WHAT THIS TASK INVOLVES: Span requested from the data below: the line with "Funny Cat coffee" through the line with "(서울=뉴스1) 유승관 기자", both included. Give only these lines again, exactly, and leave every picture out.

--

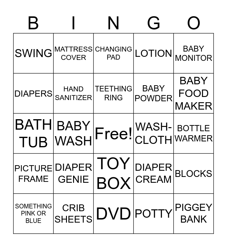 This bingo card has a free space and 73 words: PACIFIER, BOUNCER SEAT, SWING, BURP CLOTHS, DUCKY TOY, SOMETHING GREEN OR YELLOW, PICTURE FRAME, HOODED TOWEL, DIAPER CREAM, ONESIE, CASH, OUTLET PLUGS, HAND SANITIZER, BOTTLE WARMER, BATH TOYS, MATTRESS COVER, DVD, DIAPERS, RATTLE, WASH-CLOTH, TEETHING RING, LOTION, BABY MONITOR, VASELINE, SOMETHING PINK OR BLUE, NASAL ASPIRATOR, PACIFIER, FLEECE BLANKET, STROLLER, PLAYPEN, CRIB SHEETS, MUSICAL TOY, BOARD BOOK, NAIL CLIPPERS, BABY WASH, SLEEPER, BOOTIES, BASSINET, PIGGEY BANK, BREAST PUMP, POTTY, DIAPER GENIE, THERMOMETER, GIFT CARD, DIAPER BAG, BABY POWDER, CHANGING PAD, CAR SEAT, WIPES, BATH TUB, NURSERY DECOR, TEDDY BEAR, HIGH CHAOR, BABY FOOD, MOBILE, PLAY YARD, PHOTO ALBUM, TOY BOX, T-SHIRT, GROOMING KIT, BIB, COTTON SWABS, BABY SPOONS, BABY FOOD MAKER, NIGHT LIGHT, BABY HANGERS, BABY CARRIER / SLING, SWADDLING BLANKET, BLOCKS, BOUNCER CHAIR, HAT, SNOW SUIT and COAT.
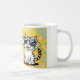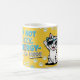 Funny Cat coffee cup Cartoon cat Bright yellow background with doodled fishbones and paw prints
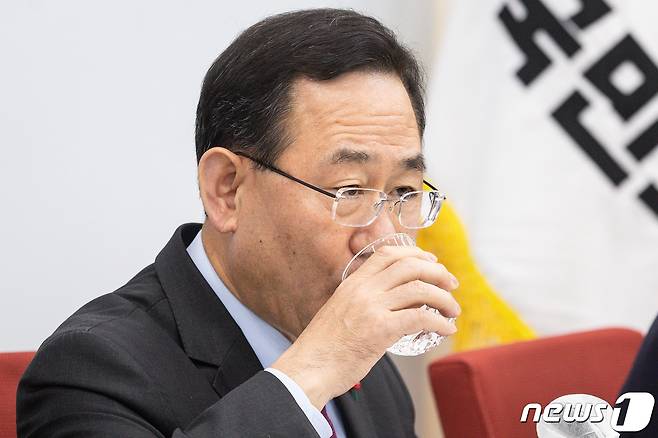(서울=뉴스1) 유승관 기자 = 주호영 국민의힘 원내대표가 2일 서울 여의도 국회에서 열린 김진표 국회의장 주재 여야 원내대표 4차 비공개 회동을 마친 후 기자간담회에 앞서 물을 마시고 있다. 2022.12.2/뉴스1
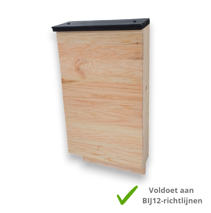 Deze vleermuiskast is speciaal ontwikkeld met de richtlijnen van BIJ12, voor de Gewone dwergvleermuis en de Ruige dwergvleermuis.
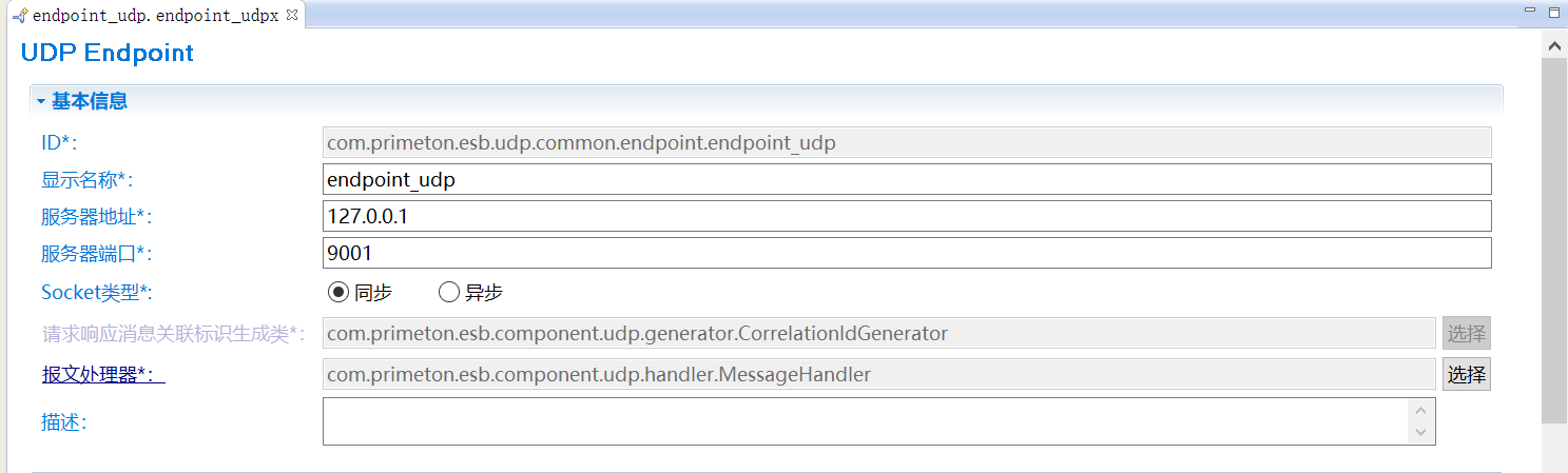 在资源管理器中,双击创建的UDP Endpoint,打开UDP Endpoint编辑器,修改相关参数。如下所示。
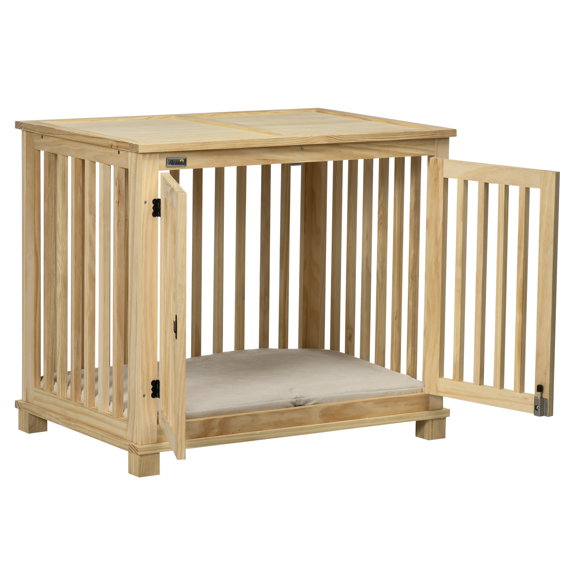 Hundekäfig inkl. Verrieglung und Polster, 82,5 cm x 57 cm x 72 cm, Naturholz + Cremeweiß

--

TASK SOLUTION:
 Funny Cat coffee cup Cartoon cat Bright yellow background with doodled fishbones and paw prints
(서울=뉴스1) 유승관 기자 = 주호영 국민의힘 원내대표가 2일 서울 여의도 국회에서 열린 김진표 국회의장 주재 여야 원내대표 4차 비공개 회동을 마친 후 기자간담회에 앞서 물을 마시고 있다. 2022.12.2/뉴스1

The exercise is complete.